After years of paralysis caused by economic collapse, Sri Lanka’s long road through debt restructuring is beginning to yield results, with Japan restoring funding to dozens of stalled development projects across the island.
The government has decided to revive 75 development projects funded by the Japan International Cooperation Agency that had remained suspended for nearly four years during Sri Lanka’s worst economic crisis. The Government Information Department has officially confirmed that the Japanese government has allocated Rs. 18 billion, equivalent to approximately 9.17 billion Japanese yen, to restart these long delayed initiatives.

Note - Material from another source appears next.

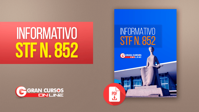 De grande relevância para os concursandos e para os alunos de Direito que participarão do Exame de Ordem, os informativos do Supremo Tribunal Federal, contém resumos de decisões proferidas pelo Tribunal elaborados a partir de notas tomadas nas sessões de julgamento das Turmas e do Plenário. O material disponibilizado é uma cópia fiel em PDF do Informativo de nº 852 disponibilizado pelo STF em seu site. A diagramação do arquivo visa apenas uma melhor qualidade de leitura dos textos.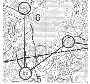 Рис. 12. Тактика эстафеты. Вы лидируете на последнем этапе эстафеты за несколько КП до финиша. Сзади никого не видно, но отрыв от соперников Вам точно не известен. В каком направлении Вы уйдете с КП 5?

The groundwork for the resumption of these JICA projects was laid through the difficult and politically sensitive debt restructuring programme undertaken by the previous administration. Following Sri Lanka’s sovereign debt default in April 2022, all bilateral creditors, including Japan, halted financial assistance, freezing several major national projects. Among those suspended was the Bandaranaike International Airport Terminal 2 project, seen as critical to long term tourism and aviation growth.

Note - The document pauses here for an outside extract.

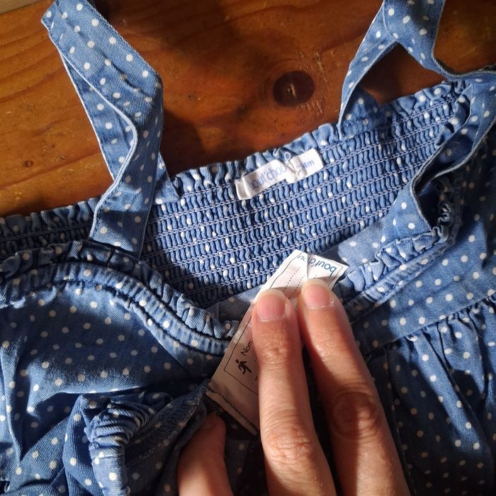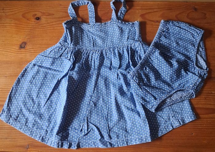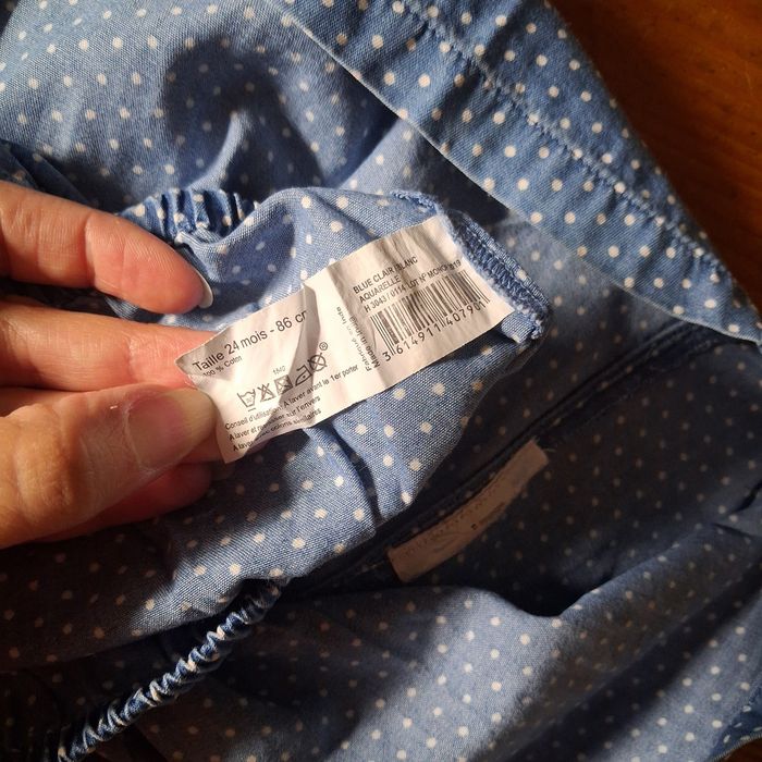 Robe bleue a pois blanc + culotte qui peux retenir la couche. Etiquette compo de la robe découpée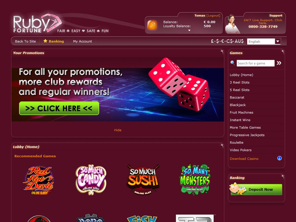 В качестве игровой валюты в Ruby Fortune Casino можно использовать фунты, евро и доллары США, Канады и Австралии. Депозиты принимаются большим количеством способов, в числе которых все основные банковские карты, PayPal, Ukash, Neteller, Skrill, ECO, ClickandBuy, EntroPay и другие. Многие из них разрешается использовать для вывода денег.

However, sustained negotiations with the International Monetary Fund and diplomatic engagement with Japan led to formal debt restructuring memorandums of understanding being signed in 2024. Building on that progress, the current government has now secured final Cabinet approval and funding clearance to reactivate the stalled projects.

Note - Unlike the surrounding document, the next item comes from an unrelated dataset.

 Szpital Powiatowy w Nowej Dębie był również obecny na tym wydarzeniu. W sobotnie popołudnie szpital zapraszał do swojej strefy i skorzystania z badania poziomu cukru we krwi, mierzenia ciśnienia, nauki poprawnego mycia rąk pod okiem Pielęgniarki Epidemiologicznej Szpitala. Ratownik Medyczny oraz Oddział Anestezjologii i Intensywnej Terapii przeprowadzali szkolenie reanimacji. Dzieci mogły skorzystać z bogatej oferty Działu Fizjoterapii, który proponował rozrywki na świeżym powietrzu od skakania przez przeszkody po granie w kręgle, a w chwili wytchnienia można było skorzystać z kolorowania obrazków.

Most of the renewed funding will be channelled through the Rural Infrastructure Development Project in Emerging Regions. Under this programme, 75 sub projects will be implemented across the Northern, Eastern, North Central and Uva provinces, directly targeting rural livelihoods, connectivity and basic services. In the Uva province alone, 18 JICA funded projects valued at Rs. 3 billion are scheduled for completion. These include 12 road development projects, two irrigation schemes and four drinking water projects. Contractors have already been instructed to resume work immediately at these sites.
The revival of JICA projects sends a powerful signal to the international community about Sri Lanka’s economic recovery and renewed fiscal discipline. Japan’s decision to re release funding, as one of Sri Lanka’s most important bilateral creditors, reflects growing international confidence in the country’s reform path and debt management framework. It also underscores the importance of continuity in internationally negotiated agreements, even amid changes in political leadership.
India’s role in stabilising the economy during the darkest phase of the crisis has also been widely acknowledged. At a time when Sri Lanka faced near collapse, India extended emergency financial assistance worth nearly US$ 4 billion, ensuring the flow of fuel, medicine and essential goods. This intervention helped stabilise markets and created the conditions necessary for securing an IMF agreement and initiating debt restructuring.
That early support proved decisive in encouraging other partners, including Japan, to re engage constructively with Sri Lanka. Today, the Rs. 18 billion JICA allocation stands as a tangible outcome of that diplomatic foundation, marking a cautious but meaningful step forward in Sri Lanka’s economic rebuilding journey.